Problem requirements:
Please set down exactly the lines from the one containing "Vestido Curto Alça Corrente PRETO" through the last line of the records below, both included, with no pictures.

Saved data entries
§
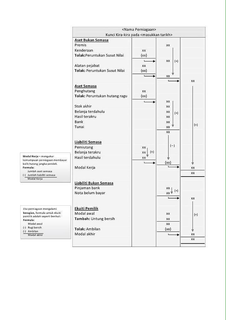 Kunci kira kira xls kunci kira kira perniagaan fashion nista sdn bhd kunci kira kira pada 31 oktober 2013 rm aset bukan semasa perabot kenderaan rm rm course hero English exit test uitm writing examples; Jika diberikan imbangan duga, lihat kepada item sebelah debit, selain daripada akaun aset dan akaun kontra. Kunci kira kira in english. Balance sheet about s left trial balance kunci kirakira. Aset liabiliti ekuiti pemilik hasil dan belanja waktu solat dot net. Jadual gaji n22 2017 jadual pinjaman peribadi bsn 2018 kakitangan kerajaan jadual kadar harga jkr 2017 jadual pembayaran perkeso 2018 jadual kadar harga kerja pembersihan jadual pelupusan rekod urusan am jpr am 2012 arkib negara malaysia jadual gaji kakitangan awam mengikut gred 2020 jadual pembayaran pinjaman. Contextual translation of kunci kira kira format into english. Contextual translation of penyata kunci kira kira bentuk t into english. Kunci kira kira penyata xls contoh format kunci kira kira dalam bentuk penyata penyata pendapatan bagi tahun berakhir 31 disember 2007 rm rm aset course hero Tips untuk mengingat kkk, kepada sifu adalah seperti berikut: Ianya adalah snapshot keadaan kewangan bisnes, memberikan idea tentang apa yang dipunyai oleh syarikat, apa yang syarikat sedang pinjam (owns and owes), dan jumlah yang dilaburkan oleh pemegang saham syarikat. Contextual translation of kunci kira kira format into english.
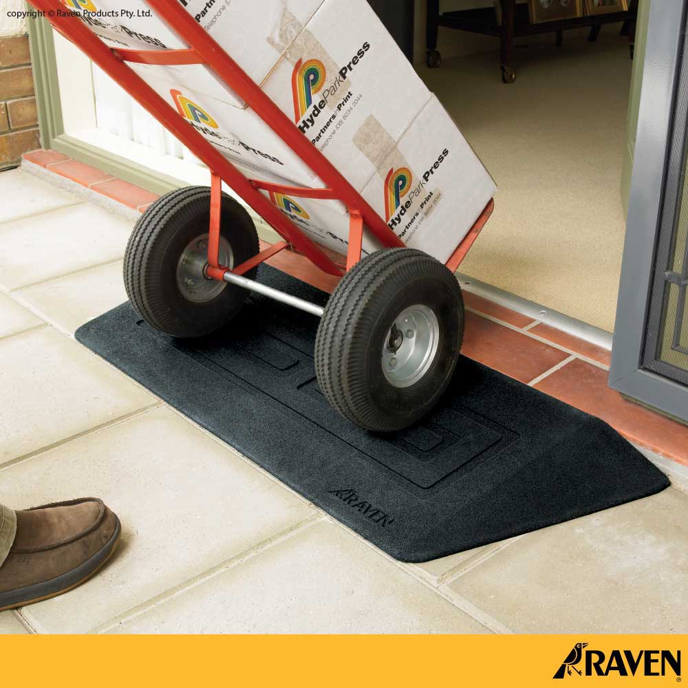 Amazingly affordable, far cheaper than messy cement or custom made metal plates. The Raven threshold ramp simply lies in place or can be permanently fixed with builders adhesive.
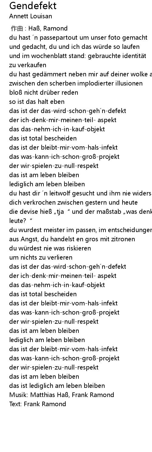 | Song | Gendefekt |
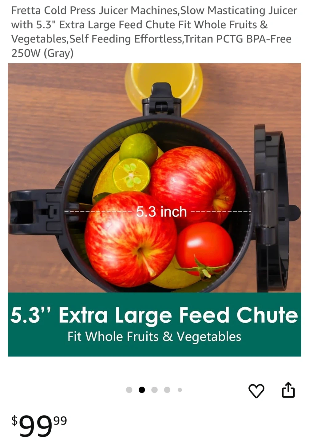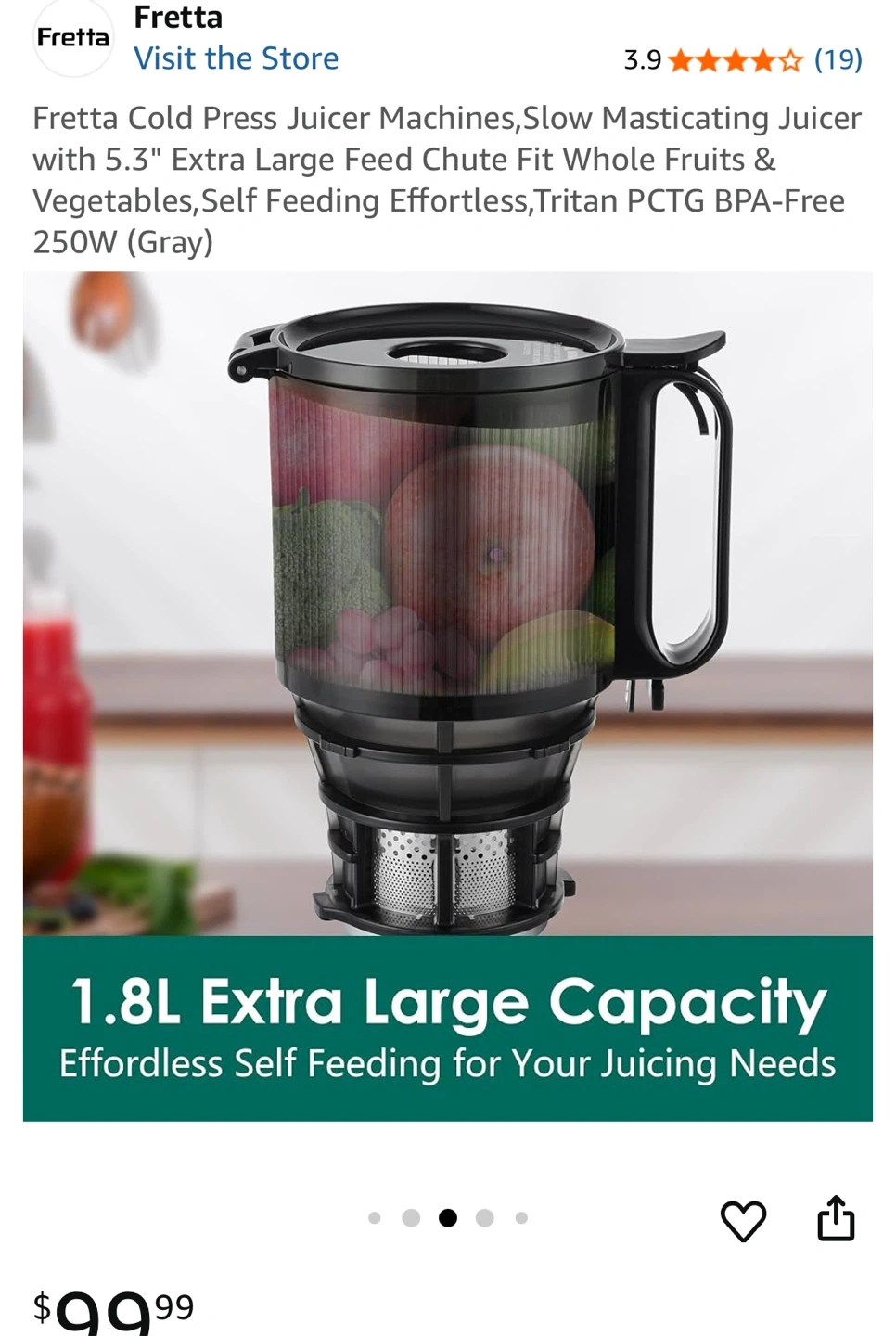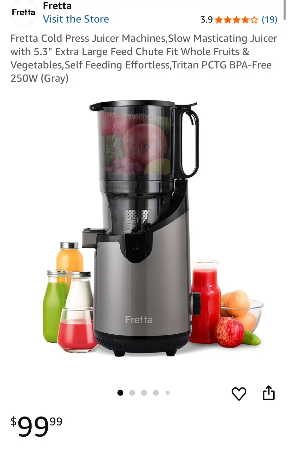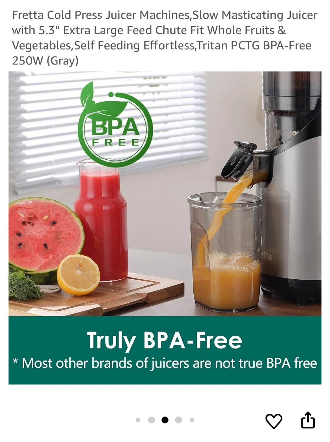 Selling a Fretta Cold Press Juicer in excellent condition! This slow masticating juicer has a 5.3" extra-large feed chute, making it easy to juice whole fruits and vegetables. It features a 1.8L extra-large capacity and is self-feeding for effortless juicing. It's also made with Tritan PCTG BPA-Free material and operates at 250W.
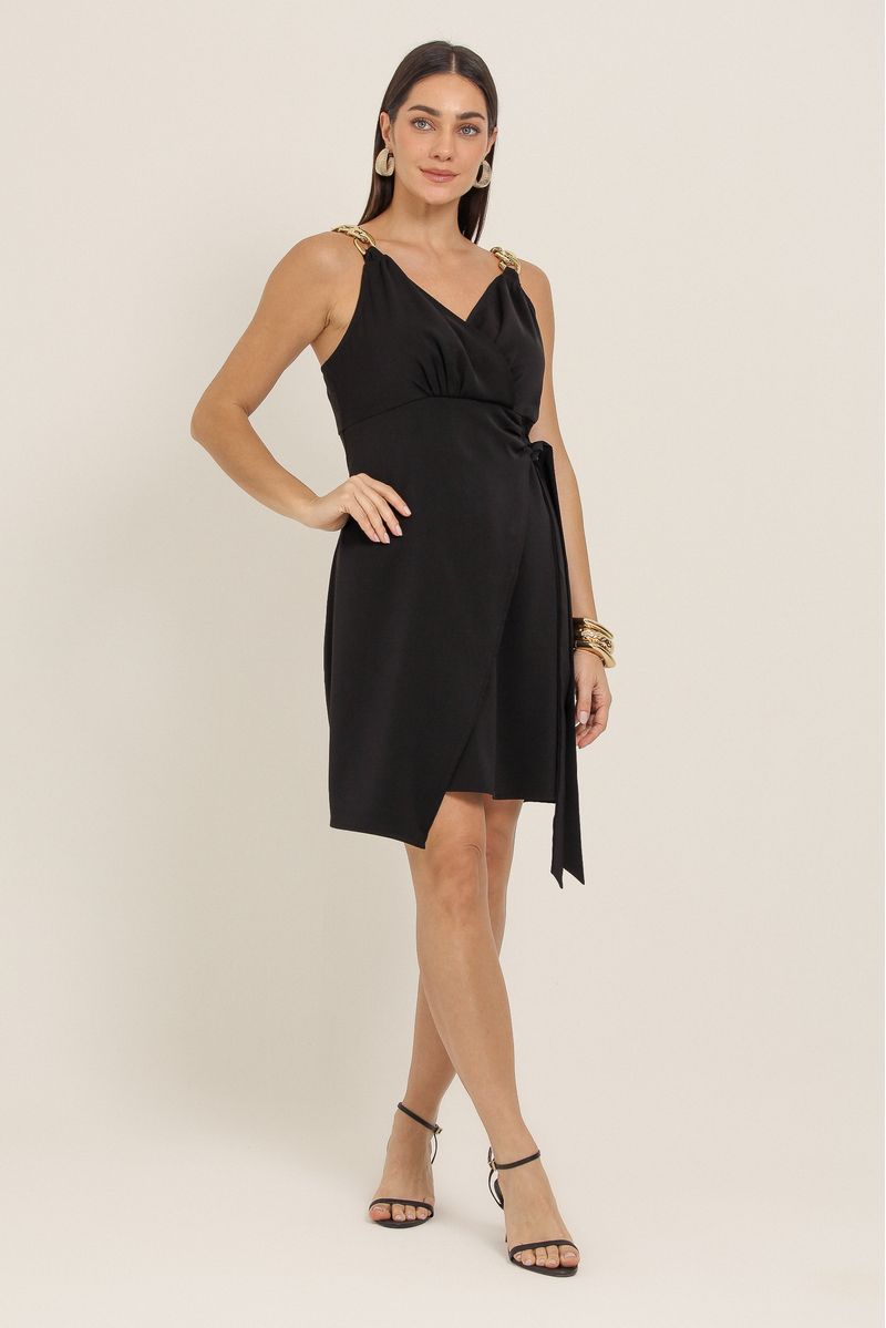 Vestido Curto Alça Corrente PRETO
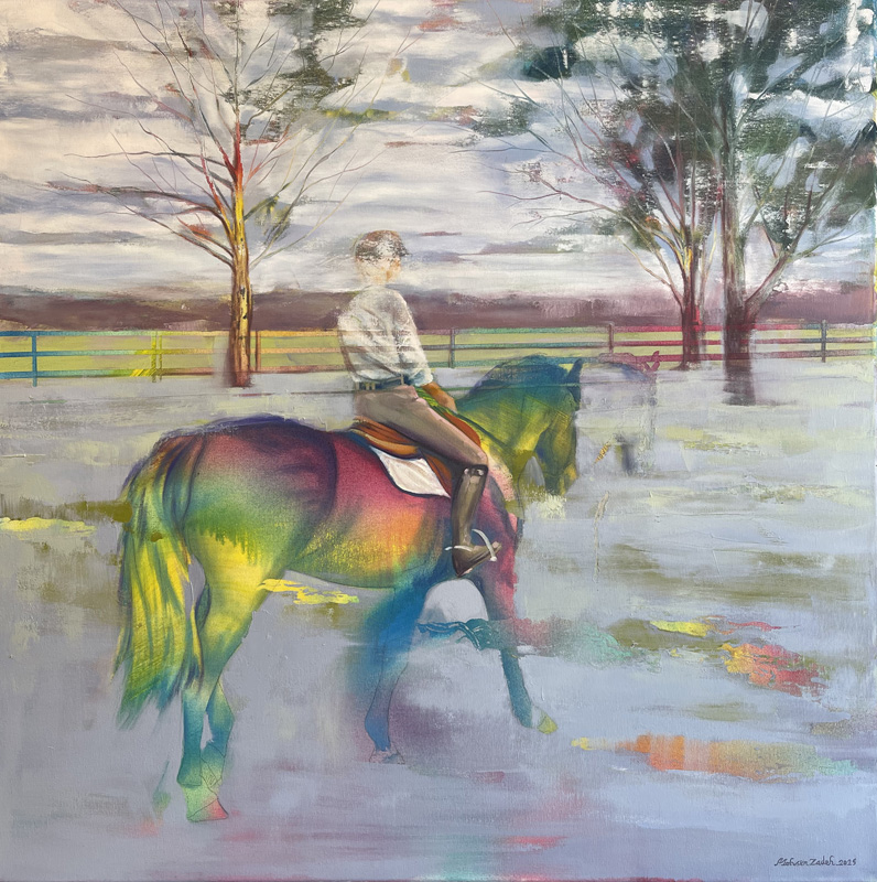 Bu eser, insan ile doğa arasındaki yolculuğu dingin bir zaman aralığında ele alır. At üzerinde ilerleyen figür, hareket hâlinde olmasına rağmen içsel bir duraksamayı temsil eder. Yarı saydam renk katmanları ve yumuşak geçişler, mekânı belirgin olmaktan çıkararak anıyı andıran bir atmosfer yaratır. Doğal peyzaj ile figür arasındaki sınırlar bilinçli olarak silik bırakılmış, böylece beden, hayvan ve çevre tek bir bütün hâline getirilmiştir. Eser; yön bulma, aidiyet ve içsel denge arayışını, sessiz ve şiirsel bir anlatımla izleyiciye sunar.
§
Solution to this task:
 Vestido Curto Alça Corrente PRETO
 Bu eser, insan ile doğa arasındaki yolculuğu dingin bir zaman aralığında ele alır. At üzerinde ilerleyen figür, hareket hâlinde olmasına rağmen içsel bir duraksamayı temsil eder. Yarı saydam renk katmanları ve yumuşak geçişler, mekânı belirgin olmaktan çıkararak anıyı andıran bir atmosfer yaratır. Doğal peyzaj ile figür arasındaki sınırlar bilinçli olarak silik bırakılmış, böylece beden, hayvan ve çevre tek bir bütün hâline getirilmiştir. Eser; yön bulma, aidiyet ve içsel denge arayışını, sessiz ve şiirsel bir anlatımla izleyiciye sunar.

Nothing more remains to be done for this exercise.